Dallas held the large tomcat up in his hands. “He can stay and hunt mice, like a normal cat,” he argued. “I don’t know where we are going and if—”

“We’re going to Ed’s house,” she insisted, cutting him off. “I won’t go anywhere else. We’ll sleep there and in the morning figure out what to do.”

“I’m waiting for Lance to call me back. He’s going to talk to Carl about—”

“Screw Carl Bordonaro!” she shouted.

Dallas sighed. “Gwen, it’s not that easy to just ignore the man’s wishes. He’s very powerful and can help protect you.”

Gwen marched toward the kitchen door, tripping over food and broken dishes as she went. “Carl will do as I wish, for once. He owes me and my father.”

Dallas left Lawrence in the house and followed Gwen to the barn. He allowed her enough time to check each and every horse, water them, load up their hay nets, and feed buckets. Twenty minutes later she turned to Dallas.

“They have enough to get them through the night,” she stated as she headed toward the entrance.

Once she reached the red barn doors, she turned off the overhead lights, and shut the large doors closed. She walked ahead of Dallas as they made their way across the clearing to his Mercedes.

“Let me get Lawrence and then we can go,” she said, walking toward the house.

Just as she hit the porch steps, his cell phone rang. He looked up at her. “Hurry up,” he called out behind her.

Gwen waved her hand at him as she headed inside of the house.

“Yeah, Lance,” Dallas said as he answered his cell phone.

“Our friend has some men heading to her farm as we speak. They’ll clean up her place and remove the bodies. In the meantime, he suggested you take Gwen to her father’s.”

“That’s good. She’s insisting on going there,” Dallas reported.

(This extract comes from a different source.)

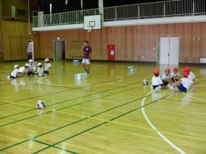 1年生は、体育「ボールゲーム」でボールけりゲームを行っていました。子供たちは、2チームに分かれて、的になる3つの箱にボールを蹴り当てます。当てた箱が相手側に近い方の勝ちになります。子供たちは、作戦を立てて夢中になってゲームを行っていました。ゲーム後には、ルールについて話し合い、改善することもあったようです。よく考え、よく動いて学習していました。

Lance was quiet on the other end of the line for a moment. “Our friend believes his associates are getting impatient for the information you collected. You’re to give it to me on the way to the airport in the morning. There’s an eleven o’ clock flight to New York. A ticket will be waiting for you at the American Airlines counter.”

A sudden chill overtook Dallas. “I understand. I’ll see you in the morning.” Without waiting for a reply, Dallas hung up his cell phone.

Gwen appeared on the front porch with a large blue cat carrier in her hand. Lawrence meowed loudly from inside of the carrier.

“Little bastard fought with me about getting in this thing.” She held up the cat carrier.

“People are on the way to clean up the mess in the apartment and in your house. We are to go to your father’s for the time being,” he explained to her.

“Glad to hear it.” She climbed down the porch steps to the car. “In the morning, you can drive me back here to check on the horses.”

Dallas nodded. “Sure,” he agreed, not wanting to tell her the truth. He figured there was no point in sharing his plans with her anymore. After tomorrow, he would never see Gwen Marsh again.

Chapter 15

 

When Dallas parked his Mercedes in front of Ed Pioth’s Garden District home, he eagerly scanned the house and surrounding street for any sign of Carl’s men. A few moments later a short, bald, bulky man dressed in an ill-fitting suit appeared on the front porch. As Dallas got out of the car, the man came down the walkway to greet him.